WHAT YOU SHOULD DO —
As soon as the line containing "Esta estación tiene" appears in the material below, start returning lines exactly, and end with the line containing "Микшерный пульт, 12".

GIVEN ENTRIES —

* * *

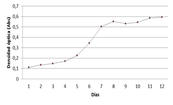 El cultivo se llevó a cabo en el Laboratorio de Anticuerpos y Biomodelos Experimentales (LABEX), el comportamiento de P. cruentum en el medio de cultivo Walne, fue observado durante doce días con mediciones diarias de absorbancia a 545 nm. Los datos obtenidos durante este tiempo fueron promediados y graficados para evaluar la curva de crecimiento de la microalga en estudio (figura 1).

* * *

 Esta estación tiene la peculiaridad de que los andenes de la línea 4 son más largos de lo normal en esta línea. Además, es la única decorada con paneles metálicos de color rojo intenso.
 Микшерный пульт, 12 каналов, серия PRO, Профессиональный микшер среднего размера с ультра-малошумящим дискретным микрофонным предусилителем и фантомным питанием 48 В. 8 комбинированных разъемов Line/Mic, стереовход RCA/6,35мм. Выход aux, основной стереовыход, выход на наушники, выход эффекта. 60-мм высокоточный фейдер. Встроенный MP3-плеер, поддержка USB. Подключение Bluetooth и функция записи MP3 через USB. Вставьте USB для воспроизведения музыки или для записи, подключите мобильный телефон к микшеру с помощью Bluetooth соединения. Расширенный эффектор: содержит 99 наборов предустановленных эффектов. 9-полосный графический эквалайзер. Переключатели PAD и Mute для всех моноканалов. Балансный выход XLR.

* * *

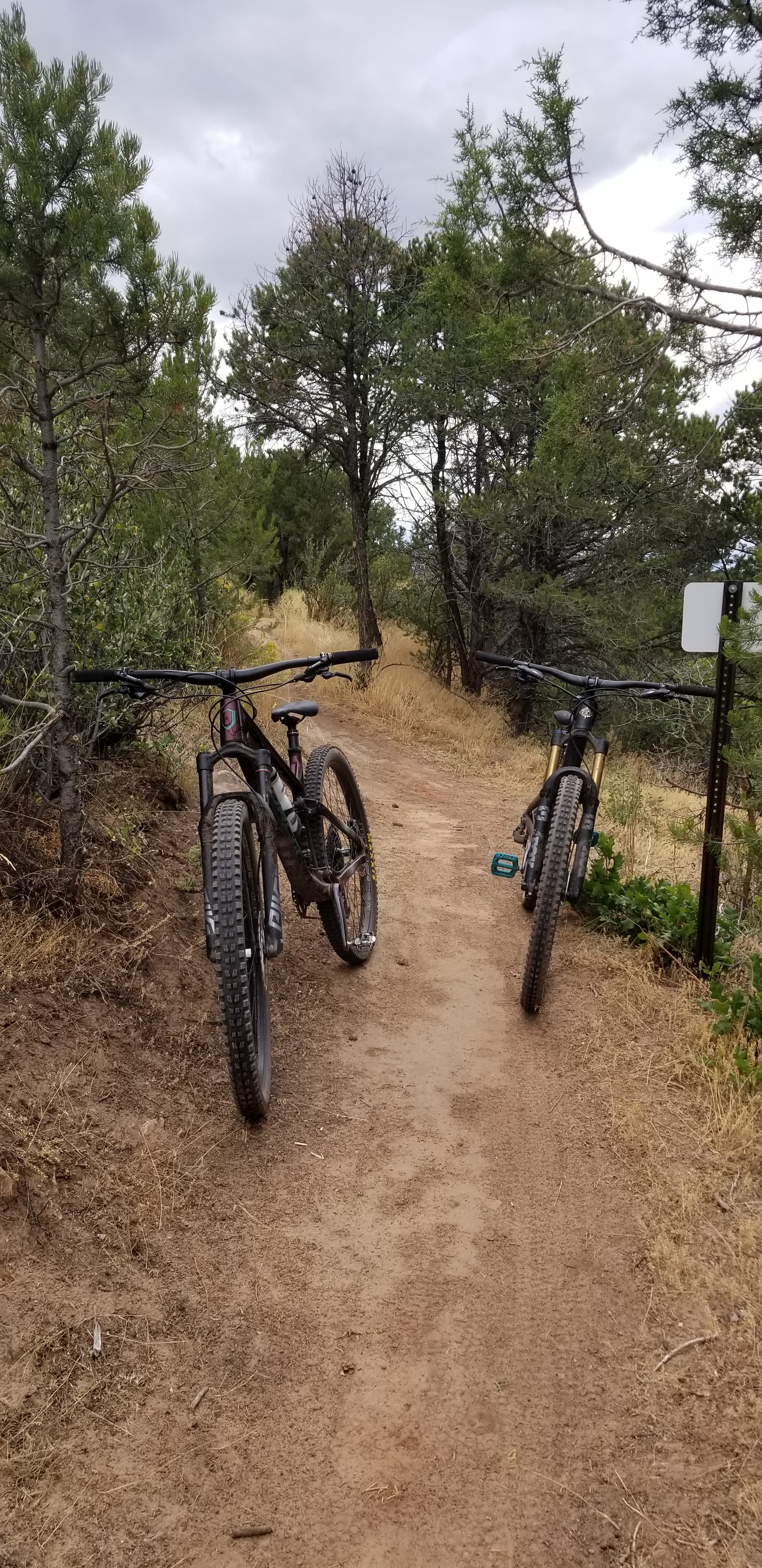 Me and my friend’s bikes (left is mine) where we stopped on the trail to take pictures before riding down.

* * *

SOLUTION FOR THIS PROBLEM —
 Esta estación tiene la peculiaridad de que los andenes de la línea 4 son más largos de lo normal en esta línea. Además, es la única decorada con paneles metálicos de color rojo intenso.
 Микшерный пульт, 12 каналов, серия PRO, Профессиональный микшер среднего размера с ультра-малошумящим дискретным микрофонным предусилителем и фантомным питанием 48 В. 8 комбинированных разъемов Line/Mic, стереовход RCA/6,35мм. Выход aux, основной стереовыход, выход на наушники, выход эффекта. 60-мм высокоточный фейдер. Встроенный MP3-плеер, поддержка USB. Подключение Bluetooth и функция записи MP3 через USB. Вставьте USB для воспроизведения музыки или для записи, подключите мобильный телефон к микшеру с помощью Bluetooth соединения. Расширенный эффектор: содержит 99 наборов предустановленных эффектов. 9-полосный графический эквалайзер. Переключатели PAD и Mute для всех моноканалов. Балансный выход XLR.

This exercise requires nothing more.